Type of Spiritual Experience

Background

Joan, who originally came from Dublin but who now lives in kent, UK.  This incident happened in 1948.

A description of the experience

I was just eight years old at the time and we lived with my grandparents in Dublin. My dad had left us when we were kids. He left us a matter of months after my little brother died. We went straight to my grandparents. My mum wasn't doing too well. She was losing her temper with me a lot. She was hitting me about. She didn't seem to be able to stop.  Somebody else always had to stop her. She just couldn't cope.  My cousins also lived with my grandparents and one day one of them had a birthday. He was three months older than me and we were close. It must have been August time because his birthday is 31 August. He hadn't received a birthday card yet from his mum, who lived in England. He was upset. So I took some pennies that the gasman had left and bought him a present. I got a beating from my mum, as a result, because I had done something wrong.

My mum started beating me downstairs and she then dragged me upstairs. The bedroom was shut and she was knocking me about. It was a terrible beating. It was life- threatening because it gave me a collapsed lung. Suddenly I switched off to what was happening to me. I stopped thinking about me.  I didn't feel that I was being badly beaten. I didn't have any conscious notion of the bedroom at all. Instead I was suddenly looking at my grandmother, who was an invalid, from up on a height. She was trying to get up the stairs to stop my mum from hitting me. She was trying to rescue me.

What I remember happening -  and I have never forgotten it - was that I was looking down at her as she was climbing the stairs. I was above her head. I must have been around ceiling height, stuck to the ceiling or something. Physically I was back in the bedroom but otherwise I was up at the ceiling above the stairs. I can remember she had a long skirt on, which was what she normally wore. She had a coloured crochet shoulder thing around her.  She was looking up to the top of the stairs and saying, 'Please stop! please stop! Someone stop her! oh, my God!
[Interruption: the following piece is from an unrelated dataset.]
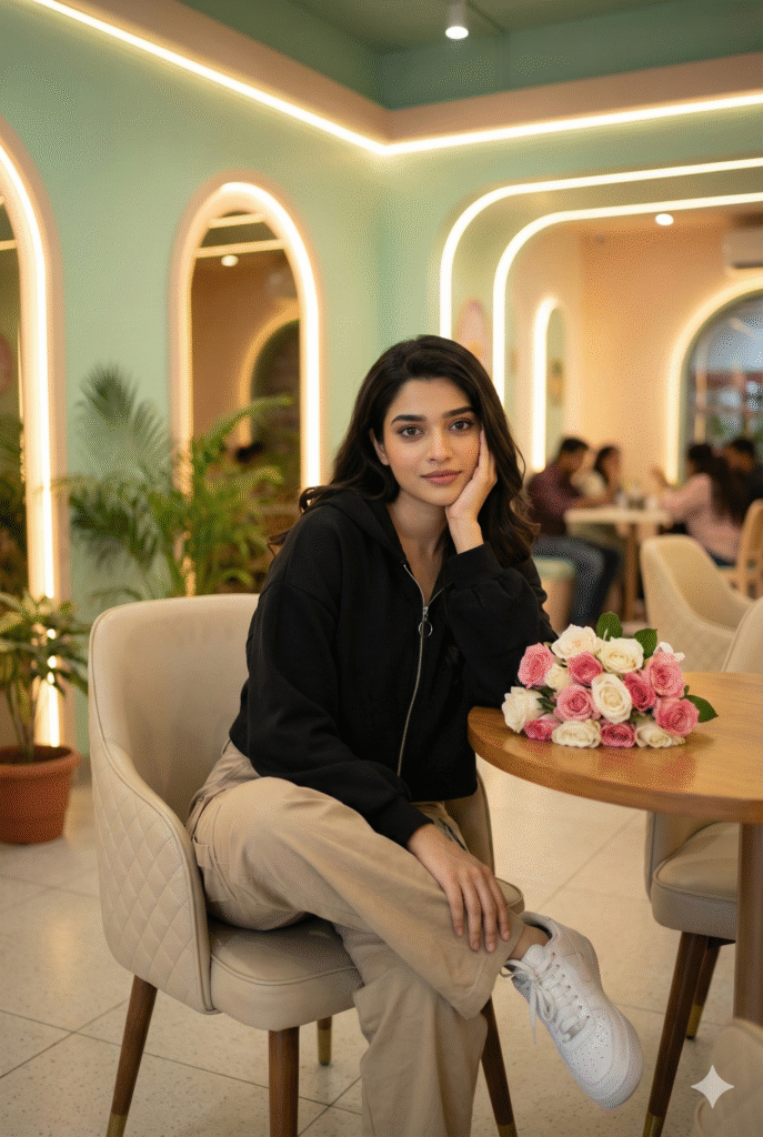 reate a image 8k Ultra-realistic Create “A stylish beautiful girl 18-year-old sitting casually in a pastel-green modern cafĂ© interior, seated on a light quilted chair with one leg crossed. She is wearing a clothes in the image 2 , don’t change the face. A bouquet of roses is placed on the table in front of him. He is posing with a relaxed attitude, leaning slightly to one side and touching his face with one hand. The cafĂ© has soft neon lighting, warm ambient glow, round arc

She will kill her!’  She was holding onto the wall, on each side, and she was really struggling. There was a wall, and not a rail, at both sides of the stairs and she had a hand on each of the walls.
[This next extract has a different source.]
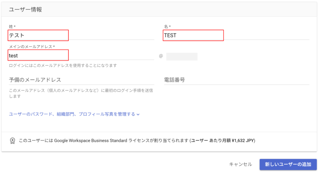 姓、名、メールアドレス(@ より上)を入力して「新しいユーザーの追加」をクリックします。(※メールアドレスは上部で作成したものを入力します。

She was slowly lifting her feet to try to come up. But I knew she couldn't do it. She hadn't been able to climb the stairs for 16 years previous to that. I was very panicky that she would fall. I was worried something would happen to her.  My cousin was trying to get up behind her but my grandmother was blocking him from getting past.   She was a big woman and was blocking the stairs. He was also trying to come up to stop my mum from hitting me.  All this time I was shouting to my grandmother, ‘please don’t climb the stairs!’  I don't know if she heard me or not. And I don’t think she even saw me but I can’t understand why. What I do know, however is that she never made it up to the top. I think she only came up about three steps, although I think my cousin did make it up. This all probably went on for five minutes or so.

I don't remember how the beating came to a stop and I don't remember coming back to my body. I don’t even remember seeing the room again until I woke up the next day.  I was bruised and hurt and I couldn’t go to school. When I did go to school, a couple of days later, the nun thought I was quite ill and asked my mum to take me to the doctor. The nun was right because I had a collapsed lung.

The beating resulted in my being admitted to the hospital.  From there I was put into a children's home. For two-and-a- half years I was in and out of this home. But I eventually learned to forgive my mum. She was having difficulties and she had a lot going on for her at the time. I really looked after her when she was in her old age.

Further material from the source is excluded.